Región divina por lado y región humana por el otro; fe y pureza para uno, ciencia y precisión para el otro.

 

III

La comparación es, sin duda, poderosa.  Compara tiempos, actitudes humanas y cambios históricos, más allá del simple hecho de la conexión metafórica.

Inauguró Jesús de Nazaret una era de revolución con su propuesta de que el hombre ame al prójimo como a sí mismo en medio de una humanidad exponencialmente egoísta, centrada en la guerra, el poder y la lujuria, sin conciencia conceptuada del amor.  Hizo el amor, en el plano de los sentimientos y la esperanza, su trabajo balsámico de rescatar a millones sumidos en el olvido y la condena para aproximarlos a una salvación inusitada, haciéndolos transitar el camino de la verdad y fe divinas.  Por primera vez el amor se hacia conciecia y ser de cultura.
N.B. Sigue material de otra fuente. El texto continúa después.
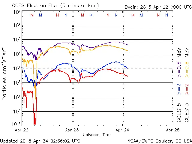 04/22 06時(UT)くらいから徐々にレベルが上がり、微増したまま推移しています。
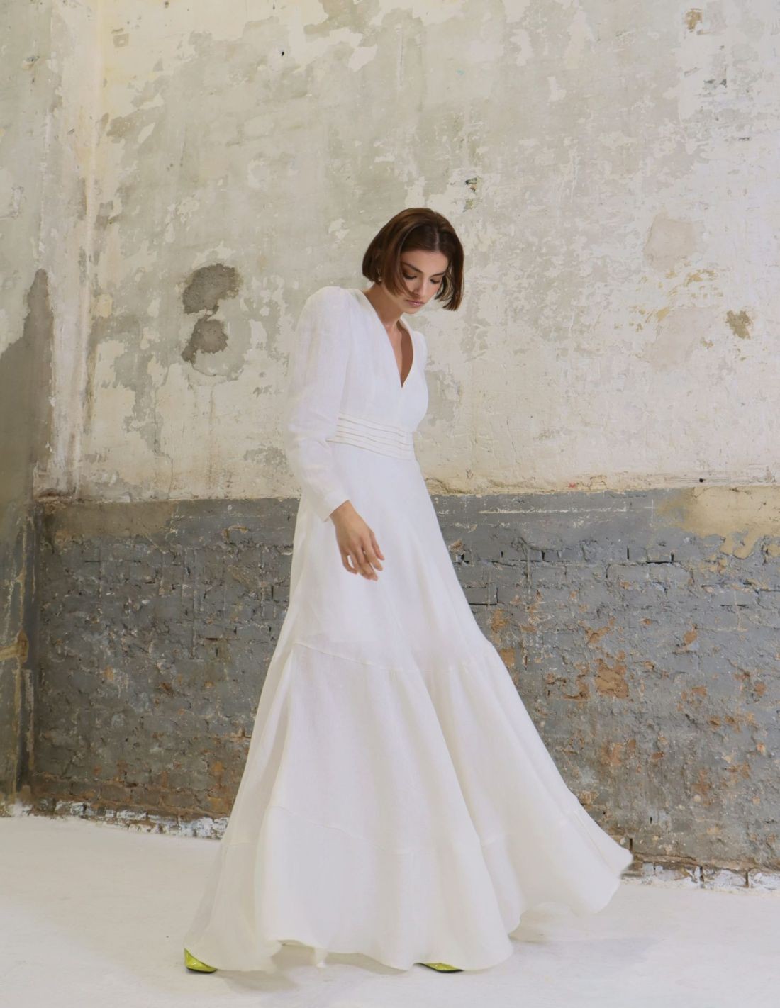 This dress for civil brides or as a second dress is made in 100% linen fabric providing freshness and lightness typical of summer. Its design features an elegant V-neckline front and back, long puffed sleeves, a pleated waist, and a long flared and voluminous skirt. It closes at the back with lacing and an invisible zip.

Bacon, por su lado terrenal, protagonizó un cambio de época, de mundo, de paradigma, y a su manera inauguró una posteridad también.  En su opinión, su tiempo era el “anciano del mundo” y no los llamados “tiempos antiguos”.³  En consecuencia, se sentía partícipe de una época rica en observaciones y experiencias (ya se contaba con la pólvora, la imprenta y las propuestas de Copérnico y Galileo sobre la farsa del mundo geocéntrico), momento del espíritu calificado ─se dirá─ para desmontar la prédica del pensamiento dominante de entonces, a saber, el aristotelismo, sistema filosófico antiguo que daba mucho crédito al testimonio de los sentidos, en especial al del ojo humano, y dogmáticamente centraba los pilares de sus postulados bajo la fuerza de la autoridad.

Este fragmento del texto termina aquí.